Why is this funny (or terrifyingly relatable) to seasoned engineers? Because we’ve all been on teams where someone couldn’t resist the latest “hot” framework or tool, even if our current stack was perfectly fine. It’s a form of resume-driven development: the coworker might be more interested in playing with a trendy library (and bragging about it later) than in the boring, critical task of making the app run smoothly. The meme labels drive the point home: “ME TRYING TO BUILD A FUNCTIONAL APPLICATION” (the responsible developer focusing on stability) is practically tugging our distracted teammate by the arm, but “NEW UNTESTED LIBRARY WITH 50 OPEN ISSUES” has already stolen his attention. The humor comes from how perfectly this mirrors real life on a dev team. The DeveloperHumor here is a little painful: it’s funny because it’s true. Everyone who’s endured FrameworkChurn and DependencyHell will smirk (or groan) at this scenario. The coworker’s wandering eyes mean yet another surprise addition to the package.json or pom.xml — and with it, a potential cascade of version conflicts, build failures, and late-night debugging sessions.

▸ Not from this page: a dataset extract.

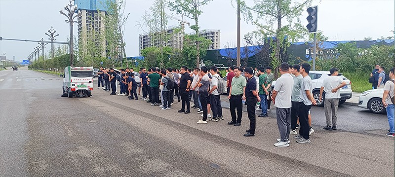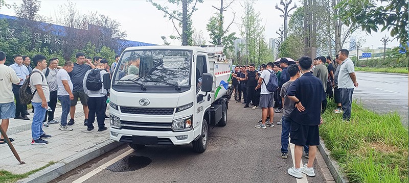操作人員現場演示車輛組合作業以及清掃效果,精彩的演示讓現場人員都受益匪淺。通過這次現場觀摩,全體人員對公司產品在實際環衛作業中的卓越性能與高效表現有了更為直觀且深刻的認識,也更加堅定了大家推廣公司產品、為公司發展貢獻力量的決心。
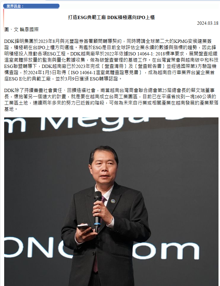 ESG (E: Môi trường, S: Xã hội, G: Quản trị) hiện là xu hướng số liệu và chỉ số toàn cầu để đánh giá sự bền vững của doanh nghiệp. Hiện tại, từ các quy định của chính phủ quốc tế, các rào cản khu vực (ví dụ: Cơ chế điều chỉnh biên giới carbon CBAM) và yêu cầu của các thương hiệu lớn đối với chuỗi cung ứng (ví dụ: đạt được kiểm kê carbon ISO-14064-1, chứng nhận dấu chân carbon ISO14067)... đều đang lần lượt áp dụng các biện pháp bắt buộc để quy định; trong kỷ nguyên di dời chuỗi cung ứng toàn cầu hậu đại dịch, các doanh nhân Đài Loan ở Đông Nam Á là những người chịu ảnh hưởng đầu tiên! Ngày 12 tháng 12 năm 2023, Viện Công nghiệp Thông tin, Hiệp hội Liên minh Công nghệ Trung hòa Carbon ESG và Tập đoàn DDK Feng Ming đã hợp tác tổ chức lễ ra mắt "Địa điểm Minh họa Liên minh ESG Doanh nhân Đài Loan tại Việt Nam"; lễ tuyên thệ do Phó Viện trưởng Viện Giáo dục Kỹ thuật số của Viện Công nghiệp Thông tin Ye Zonghan, Chủ tịch Tập đoàn Feng Ming Cai Wenrui, và Cố vấn Hiệp hội Liên minh Công nghệ Trung hòa Carbon ESG Zhang Kunren đại diện, và ngay sau buổi lễ, Công ty TNHH Xác minh Quốc tế Aris đã thực hiện dự án tư vấn, sử dụng "Nền tảng Quản lý Carbon Dingxin" để lập báo cáo kiểm kê khí nhà kính, trở thành mô hình địa điểm minh họa Liên minh ESG Doanh nhân Đài Loan đầu tiên tại Việt Nam. Phó Viện trưởng Viện Giáo dục Kỹ thuật số của Viện Công nghiệp Thông tin Ye Zonghan phát biểu: "Viện Công nghiệp Thông tin hợp tác chặt chẽ với Hiệp hội Liên minh Công nghệ Trung hòa Carbon ESG, thúc đẩy chứng nhận hộ chiếu đào tạo nhân tài ESG, không chỉ có kiến thức lý thuyết mà còn có khả năng thực chiến, giúp doanh nhân Đài Loan đạt được mục tiêu tiết kiệm năng lượng, đồng thời thúc đẩy trung hòa carbon và phát triển bền vững." DDK_ESG_NEWS02.png Chủ tịch Tập đoàn Feng Ming Cai Wenrui phát biểu: "ESG là việc không thể chậm trễ! Hiện tại các doanh nghiệp vẫn đang trong giai đoạn quan sát hoặc tìm hiểu về các chứng nhận quốc tế, Tập đoàn Feng Ming với tư cách là thương hiệu hàng đầu về sản xuất yên xe đạp, hưởng ứng ESG, Feng Ming là người dẫn đầu phá gió, muốn làm tiên phong mở đường cho doanh nhân Đài Loan, trở thành địa điểm minh họa mẫu cho chứng nhận ESG, để nhiều doanh nghiệp hơn có dấu vết để noi theo và cùng nhau thực hiện." Phó Chủ tịch Bộ phận Kinh doanh Đông Nam Á của Dingxin Computer Zheng Jialin cho biết: "Dingxin Computer nỗ lực hết mình hỗ trợ doanh nhân Đài Loan tại Đông Nam Á ứng phó với ESG, dẫn dắt doanh nghiệp hướng tới chuyển đổi kép Số hóa X ESG", trên nền tảng dịch vụ thông tin hỗ trợ doanh nghiệp ứng dụng cơ sở hạ tầng thông tin, tìm ra lộ trình thực hành sản xuất xanh tốt nhất; hiện tại cũng tham gia vào vị trí hội viên cốt lõi của Liên minh Công nghệ Trung hòa Carbon ESG, ra mắt Đánh giá năng lực thực thi quản lý khí thải carbon của doanh nghiệp Đài Loan ESG và giải pháp Nền tảng Quản lý Carbon Dingxin; Chi nhánh Dingxin Computer tại Việt Nam (Phần mềm Dingjie Việt Nam) tích cực hợp tác với các đối tác chiến lược, dự án ESG của Tập đoàn DDK Feng Ming lần này là sự kết hợp mạnh mẽ với Chứng nhận Quốc tế Aris, cùng nhau đưa vào "Nền tảng Quản lý Carbon Dingxin" để thu thập dữ liệu, giúp doanh nghiệp chỉ cần một cú nhấp chuột là có thể tạo ra báo cáo kiểm kê khí nhà kính.

Let’s unpack the technical reality: a library with “50 open issues” is basically half-baked. Those issues could be anything from minor feature requests to serious bugs like memory leaks or security flaws. Choosing to integrate such a dependency isn’t just a harmless experiment; it’s inviting dozens of known problems into your codebase. In an ideal world, we practice good DependencyManagement: vetting libraries for maturity, community support, and stability. But our intrepid coworker is throwing caution to the wind. To them, using this shiny new library might promise a quick fix or a cutting-edge feature that looks great in a demo. In practice, it could undermine DeveloperProductivity for weeks as the team scrambles to work around the library’s bugs. This is the essence of tooling frustration: the very tools meant to accelerate development end up slowing it down. It’s a prime example of being seduced by new tech without considering long-term maintenance. Seasoned developers know the score: every new dependency is a trade-off. Sure, you didn’t have to write that functionality from scratch, but now you’ve imported someone else’s incomplete work into your project. If that library is abandoned or if issue #51 turns out to be a production crash, guess who inherits the problem? Not the open source maintainer on the other side of the world – it’s you and your team. Remember the left-pad fiasco or countless broke builds due to a single volatile dependency? Yeah, we've been down this road. The meme perfectly captures that facepalm moment when you realize a teammate’s obsession with the “latest and greatest” just opened Pandora’s box in your repo.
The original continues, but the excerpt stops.